I know this because last week we had our first encounter face to face. Obliged by circumstance to meet him eventually, I would have liked to have met him at his laboratory, about which I confess to having a good deal of curiosity. But that would have been too dangerous. Englishmen of reputation are routinely followed by agents of the state when they travel abroad. These spies are immensely skilled at concealment. The safest course is simply to assume that you are being watched and to do nothing that might compromise.
Keller’s calling has made of him a man who cannot settle at a single address for long. Inevitably, he begins after a while to evoke suspicion. He is of necessity an inveterate traveller, almost nomadic, shifting between cities and even between countries with a nonchalance bordering on indifference as to his own whereabouts. This suited me. I did not want the stigma of association with the man. And so I suggested we meet at sea, and he readily agreed to this proposal.
I chartered a ship and hired its crew and ordered the captain to sail across the English Sea and anchor a mile off Calais, where my signal to the waiting Keller that I had arrived for our rendezvous was three lanterns hoist into the rigging and lit one by one.
After darkness had fallen he rowed himself out to us across a choppy sea in an open boat which he tethered to our stern.
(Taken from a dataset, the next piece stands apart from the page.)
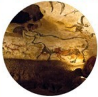
Habitat préhistorique : s'abriter

1° Des évènements historiques (Moyen-âge, Renaissance, guerres, paix, révolution industrielle...), c'est le cas de l'habitat par exemple.

And he climbed the rope ladder to our deck, a powerfully built man of around six foot in height, his face marked by a permanent sneer and small craters across his cheeks and brow carved there by the smallpox suffered, I supposed, either as a child or in his youth.
Even without knowledge of his dubious calling I would not readily have taken to the man.
Some men are entitled to a high opinion of themselves. King Henry is such an individual. There is no more formidable man-at-arms than the monarch either on foot in the practice pit or mounted on his saddle in the tiltyard. He is a skilled musician, adept at the keyboard and sweet-voiced. He is a gifted linguist and can hold forth eloquently on most subjects.